I had always been curious to see what the creative carnival just over the mountains was like, and now seemed like the perfect and only time. I’ll admit a part of me was a little hesitant. I wondered if it would be like a higher-minded Deltopia, a frat party in monk’s clothing. But the more I asked about it with Lucidity frequenters, the more it sounded like a place where hearts and minds truly were more open for the better. Those who went spoke of it with the same reverence as Burners to Burning Man as a place where people are freer, where true selves are shown and true colors flown in a city-like environment built without the oppression of mundane reality.

What’s more, they said, it was family friendly, the kind of environment gentle enough to welcome even the littlest lucid dreamers amongst us. It simply was not just about partying like other festivals, but about having a great bonding experience with your fellow human beings. It was about having the kind of meaningful connections that daily life tends to withhold from us. The founders have shared their hopes to make it more than a festival, but a place for self-exploration and self-expansion, a gathering place for us to achieve our idealized path as an individuals and communities.
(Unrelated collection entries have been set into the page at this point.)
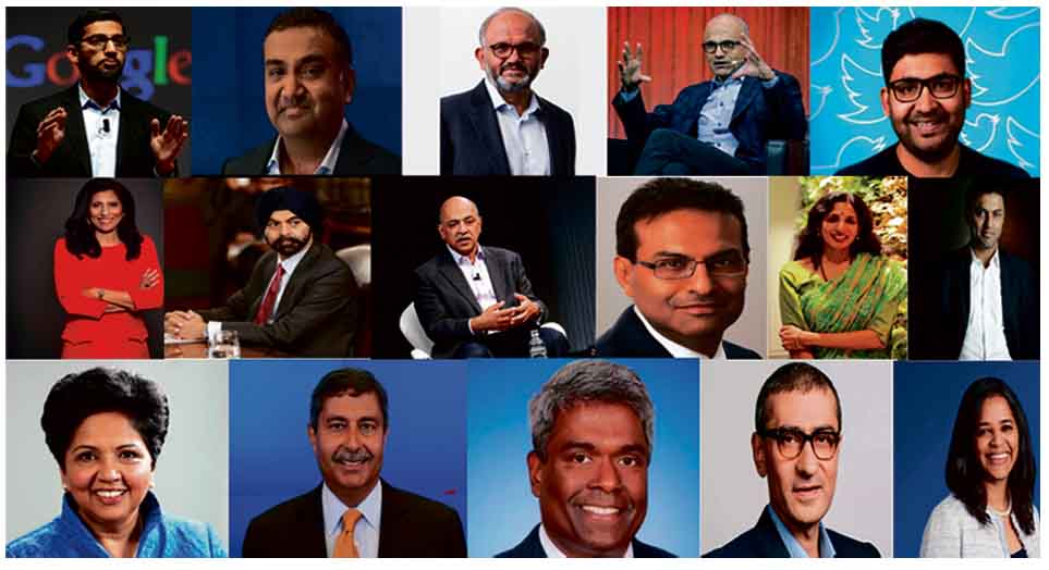 ప్రపంచంలోనే అగ్రస్థానాల్లో ఉన్న గూగుల్ సీఈఓ సుందర్ పిచారు, మైక్రోసాఫ్ట్ సీఈఓ సత్య నాదెళ్ళ, ఈ మధ్య వరకు ట్విట్టర్ సీఈఓగా కొనసాగిన అగర్వాల్, శంతను నారాయణ్-అడోబ్,అరవింద్ కష్ణ-ఐబీఎం, నికేశ్ అరోరాపాలొ ఆల్టో నెట్వర్క్స్,పెప్సికోలా ఒకప్పటి సీఈఓ ఇంద్రనూయి, అర్వింద్ కష్ణ- ఐబీఎమ్ గుంజన్ షా- బాటా, వసంత్ నరసింహన్- నోవార్టిస్, రేవతి అద్వైతి- ఫ్లెక్స్, పునీత్ రంజన్ – డెలాయిట్ వంటి వారెందరూ కూడా భారతీయ మూలలున్నవారే. నేడు ప్రపంచంలో వివిధ దేశాల్లో ప్రముఖపాత్ర వహిస్తున్న ప్రవాస భారతీయులు బ్రిటిష్ రాజ్ కాలంలో, తదనంతరం విదేశాలకు వెళ్ళినవారే. ముఖ్యంగా వ్యవసాయం పనుల కోసం వెళ్ళిన భారతీయులు అక్కడ స్థిరపడ్డారు. మారిషస్, గయానా, ట్రినిడాడ్ అండ్ టుబాగో, కెనడా, దక్షిణాఫ్రికా మలేసియా, ఫిజీ వంటి కామన్వెల్త్ దేశాల్లో ముఖ్య భూమిక పోషిస్తున్నవారు వీరే.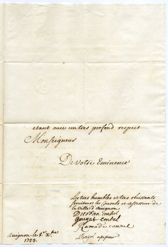 Lettera dei consoli e assessore di Avignone al cardinale Annibale Albani (1723 dicembre 8)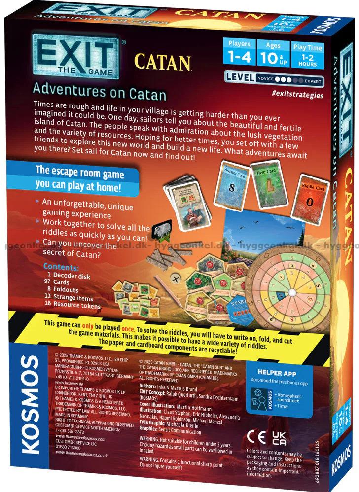 Exit: Adventures on Catan er et samarbeidsspill som forener den kjente og kjære verdenen fra Catan med den nervepirrende gåteløsningen fra Exit-serien.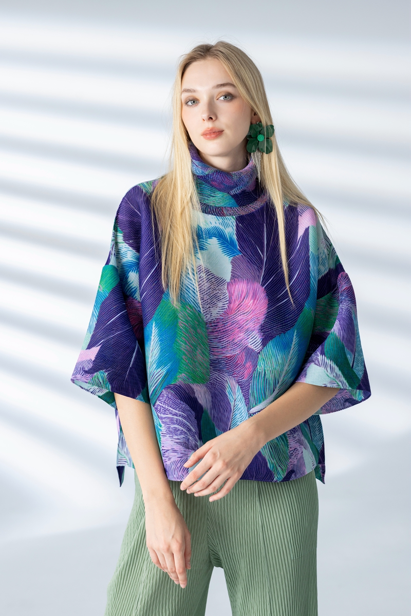 夏日盛宴高領寬袖上衣

Upon arrival, it was clear people were very happy to be there. Lucidity has some of the friendliest, happiest, and most welcoming staff of any festival I have been to. My companion and I crossed the river with traffic directors all beaming mellow smiles. It was a lovely day, with a light wind wafting through the oaks. We danced to deep house from Darcsounds at the Nomads’ Nook Stage, and we were refreshed to note throughout the day how great it was to see so many female and femme DJs, musicians, and performing artists. In the kinds of performers and workshops offered, the organizers clearly were appealing to the strength of the feminine and the under-sung.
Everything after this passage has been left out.